▸ **DATASET RECORDS**
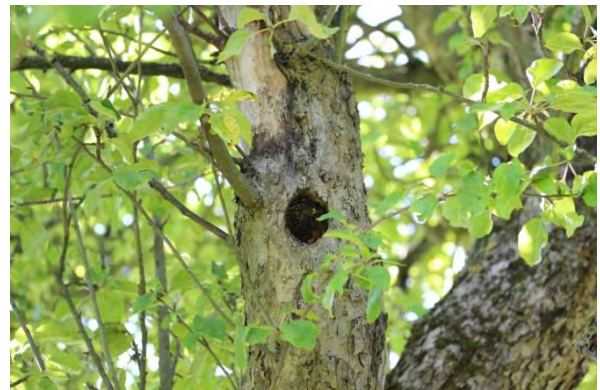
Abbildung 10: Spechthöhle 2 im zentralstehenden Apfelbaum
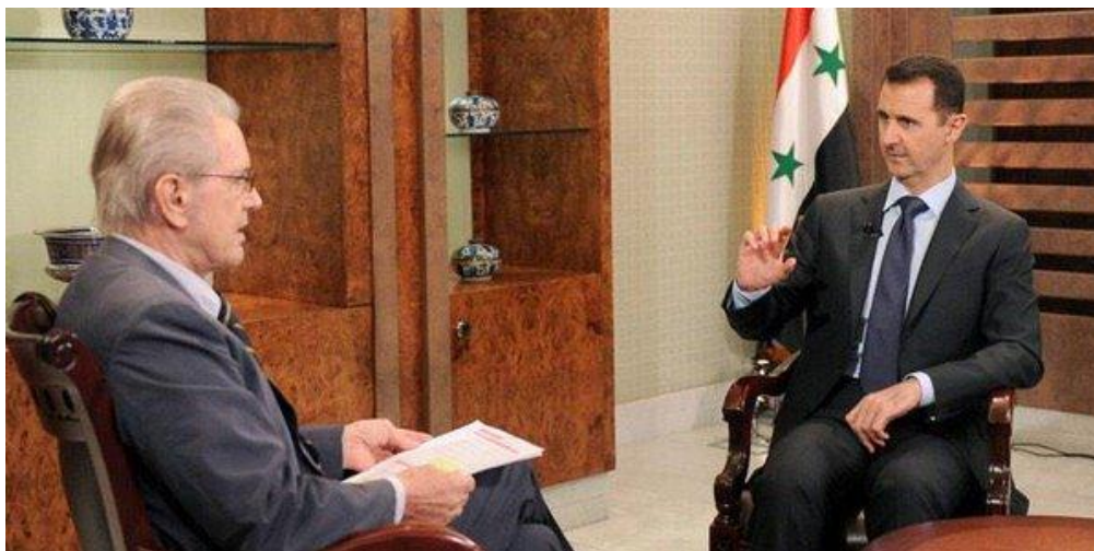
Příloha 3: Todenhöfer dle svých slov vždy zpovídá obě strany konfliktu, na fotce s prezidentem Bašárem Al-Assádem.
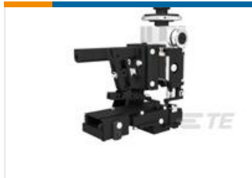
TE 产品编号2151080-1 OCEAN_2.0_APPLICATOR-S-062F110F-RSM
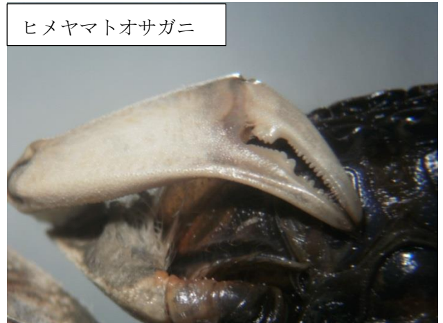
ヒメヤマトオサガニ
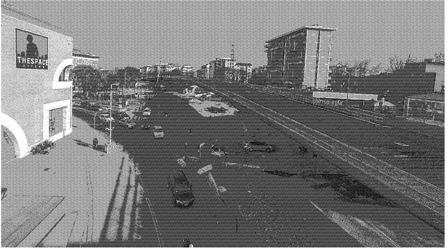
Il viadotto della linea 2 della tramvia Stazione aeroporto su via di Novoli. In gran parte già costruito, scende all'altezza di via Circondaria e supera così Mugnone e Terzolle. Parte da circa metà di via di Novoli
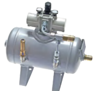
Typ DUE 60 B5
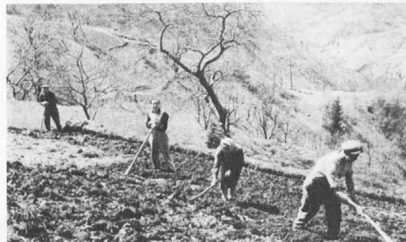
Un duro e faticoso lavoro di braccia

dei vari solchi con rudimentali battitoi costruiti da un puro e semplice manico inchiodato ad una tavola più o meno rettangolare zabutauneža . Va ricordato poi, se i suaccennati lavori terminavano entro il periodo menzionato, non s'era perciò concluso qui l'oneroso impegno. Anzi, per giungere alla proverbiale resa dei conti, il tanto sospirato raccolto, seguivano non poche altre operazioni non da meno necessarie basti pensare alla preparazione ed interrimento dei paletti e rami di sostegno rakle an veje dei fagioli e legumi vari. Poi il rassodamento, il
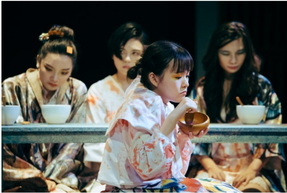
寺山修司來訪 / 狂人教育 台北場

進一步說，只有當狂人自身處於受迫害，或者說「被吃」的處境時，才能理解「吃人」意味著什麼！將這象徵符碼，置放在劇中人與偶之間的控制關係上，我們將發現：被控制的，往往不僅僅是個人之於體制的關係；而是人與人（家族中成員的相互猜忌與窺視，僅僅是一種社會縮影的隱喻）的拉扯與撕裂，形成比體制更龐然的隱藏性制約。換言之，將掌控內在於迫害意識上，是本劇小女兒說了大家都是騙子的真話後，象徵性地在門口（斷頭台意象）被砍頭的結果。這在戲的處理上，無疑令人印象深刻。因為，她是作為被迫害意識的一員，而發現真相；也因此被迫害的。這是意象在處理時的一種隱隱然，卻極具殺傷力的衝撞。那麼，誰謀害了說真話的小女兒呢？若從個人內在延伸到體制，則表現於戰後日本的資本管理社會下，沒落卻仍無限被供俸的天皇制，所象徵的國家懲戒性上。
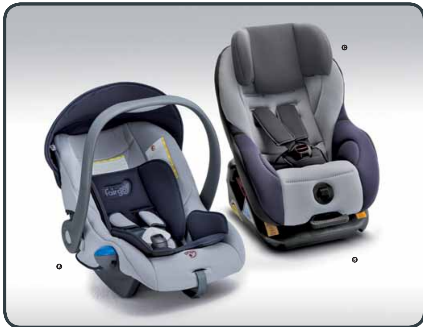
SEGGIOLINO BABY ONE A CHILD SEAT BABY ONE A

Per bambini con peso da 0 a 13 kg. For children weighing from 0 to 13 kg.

▸ **WHAT THE EXERCISE ASKS**
Could you write out exactly the lines of the data above that run from the one holding "Il viadotto della" to the one holding "Un duro e faticoso lavoro di braccia", with both ends in and all pictures out?

▸ **EXERCISE ANSWER**
Il viadotto della linea 2 della tramvia Stazione aeroporto su via di Novoli. In gran parte già costruito, scende all'altezza di via Circondaria e supera così Mugnone e Terzolle. Parte da circa metà di via di Novoli
Typ DUE 60 B5
Un duro e faticoso lavoro di braccia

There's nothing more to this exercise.